My husband made this dish, it was fantastic. It took just 30 minutes which totally impressed him

Quick ponzu is easy to make from equal parts soy sauce and citrus plus a bit of mirin.

This was delicious and very quick and simple to make. I felt very healthy after eating it,too! Quick comment about cooking with buckwheat soba: look for a brand that is made with wheat flour, as well as with buckwheat. The wheat flour keeps it from becoming too brittle after it is cooked.
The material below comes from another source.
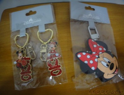 钥匙链 (一个是Mickey和Minnie有喜字的,我和老公一人一个。。。这个价格不记得啦, 我回头查查, 还有一个是Minnie小钱包, HKD68, 还有一个给MM啦,没有单独的照片啦,全家福上有,都是Mickey和Minnie的图像,也是HKD68)

Good effort to reward ratio! I was craving something veg forward and sushi adjacent and it hit the spot. Made with carrots, snow peas, radishes, edamame and rice noodles. The ponzu makes it (I got the kikoman brand). I wasn’t a huge fan of the salmon preparation though - next time I will do my usual marinade of maple syrup and soy sauce and maybe add a little miso

Loved this, and it was truly done in 30 mins. I don’t always think of pairing salad greens with noodles but it made it super fresh tasting. The two six year olds at our house give it two thumbs up.